But, as a matter of fact, Michael had contrived in a short time to give an account of his experience of yesterday. And he had left Aunt M'riar in a state of disquiet and apprehension which had to be concealed, somehow. For she was quite clear that she would not take Mo into her confidence. She saw she had to choose between risking an interview with this convict husband of hers, and giving him up to the Law, probably to the gallows.

The man would come again to seek out his old mother, to extort money from her; that was beyond a doubt. But would he of necessity recognise the wife of twenty-three years ago in the very middle-aged person Aunt M'riar saw in the half of a looking-glass that Mr. Bartlett's careful myrmidons had not broken? Would she recognise him? Need either see the other? Well—no! Communications might be restricted to speech through a door with the chain up.

She took the boy Michael freely into her confidence about her unwillingness to see this man. But that she could do on the strength of his bad character; her own relation to him of course remained concealed. She puzzled her confidant not a little by her seeming inconsistency—so repugnant was she to the miscreant himself, yet so anxious that he should not fall into the hands of the Police. Micky kept his perplexity to himself, justifying his mother's estimate of his character.

But this much was clearly understood between them, that should the convict be seen by Micky on his way to the house, he should forthwith take one of two courses. If Uncle Mo was absent at the time, he was to warn Aunt M'riar of Mr. Wix's approach. If otherwise, he was to warn the unwelcome visitor of the risk he would run if he persisted in his attempt to procure an interview. Of course the chances were that Micky would be away on business, selling apples, potatoes, and turnips.

As it turned out, however, he was able to observe one of the conditions of this compact.


It was on the Tuesday following the boy's visit to his great-aunt that Mrs. Tapping had words with her daughter Alethea. They arose out of Alethea's young man, an upstart. At least, he was so designated by Mrs. Tapping, for aspiring to the hand of this young lady; who, though plain by comparison with her mother at the same age, and no more figure than what you see, was that sharp with her tongue when provoked, it made your flesh curdle within you to hear her expressions. We need hardly say that we have to rely on her mother for these facts. It was, however, the extraction of Alethea that determined the presumptuousness of her young man's aspirations. He was marrying into two families, the Tappings and the Davises, which, though neither of them lordly, had always held their heads high and their behaviour according. Whereas this young Tom was metaphorically nobody, though actually in a shoe-shop and giving satisfaction to his employers, with twenty-one shillings a week certain and a rise at Christmas. You cannot do that unless you are a physical entity, but when your grandmother is in an almshouse and your father met his death in an inferior capacity at a Works, you have no call to give yourself airs, and the less you say the better.

This brief sketch of the status quo was given to Mrs.
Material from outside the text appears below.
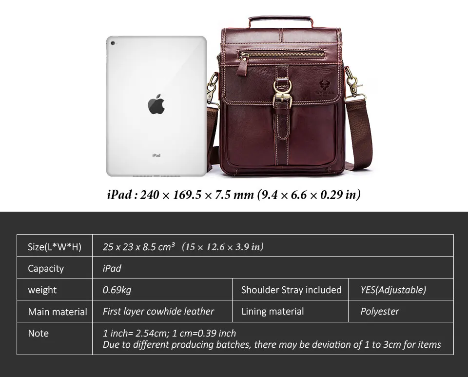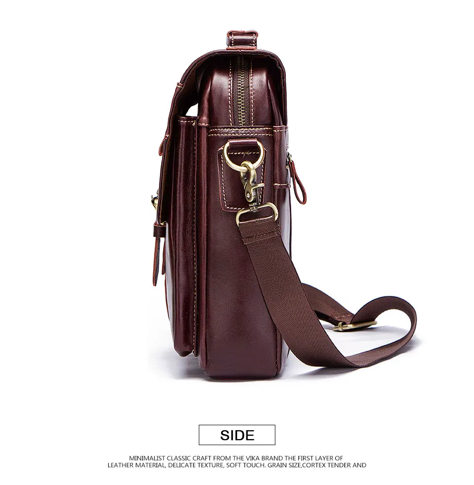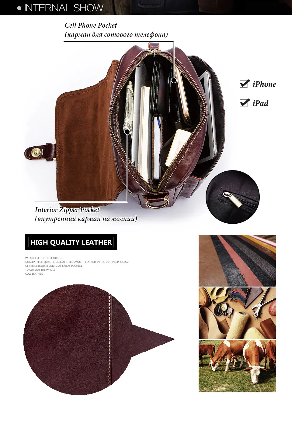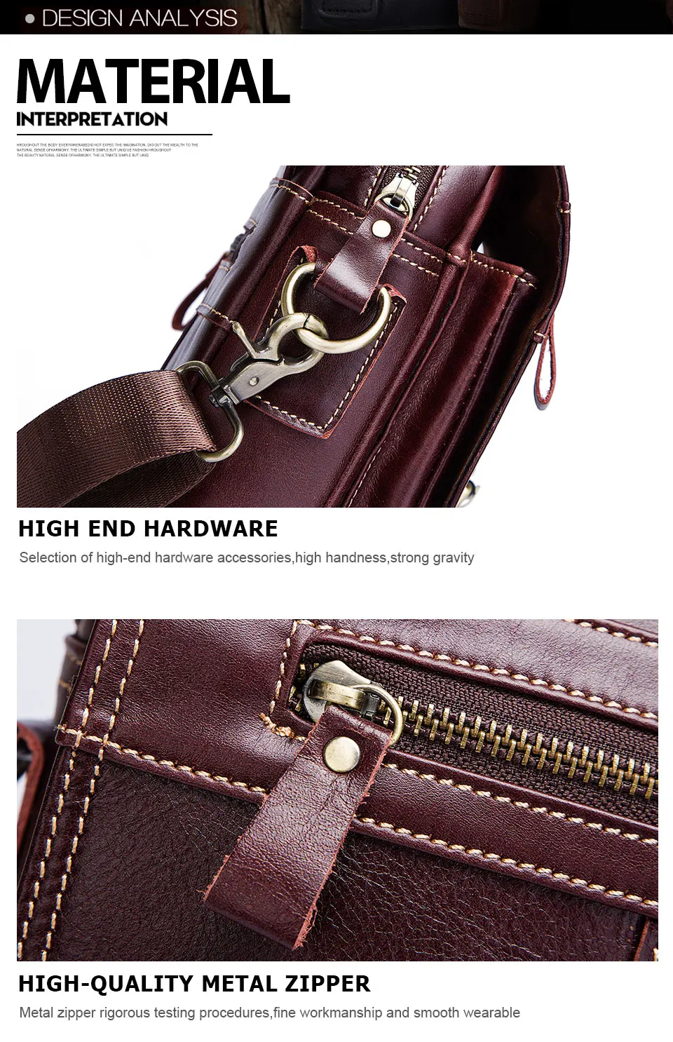 HUMERPAUL Genuine Leather Men's Crossbody Shoulder Bag Vintage Cowhide Messenger Bag For Men Casual High Quality Handbag

Riley by Mrs. Tapping, in her woollen shawl for the first time, because of the sharp edge in the wind, with a basket on her arm that Janus would have found useful, owing to its two lids, one each side the handle. They were at the entrance to Mrs. Riley's shop, and that good woman was bare-armed and bonnetless in the cold north wind. She had not lost her Irish accent.

"It is mesilf agrays with you intoirely," said she sympathetically.

"Not but what I do freely admit," said Mrs. Tapping, pursuing her topic in a spirit of magnanimity, "that young Rundle himself never makes bold, and is always civil spoke, which we might expect, seeing what is called for, measuring soles. For I always do say that the temptation to forget theirself is far more than human, especially flattenin' down the toe to get the len'th, though of course the situation would be sacrificed, and no character." This was an allusion to the delicacy of the position of one who adjusts a sliding spanner to the foot of Beauty, to determine its length to a nicety. The subject suggests curious questions. Suppose—to look at its romantic side, as easier of discussion—that you, young lady, were passionately adored by the young man at your shoe-shop, and he were to kiss your foot as Vivien did Merlin's, could you—would you—complain at the desk and lose him his situation? And how about the Pope? Is his Holiness never measured—sal a reverentia!—for his shoes? Or does the Oecumenical Council guess, and strike an average? However, the current of the story need not be interrupted to settle that.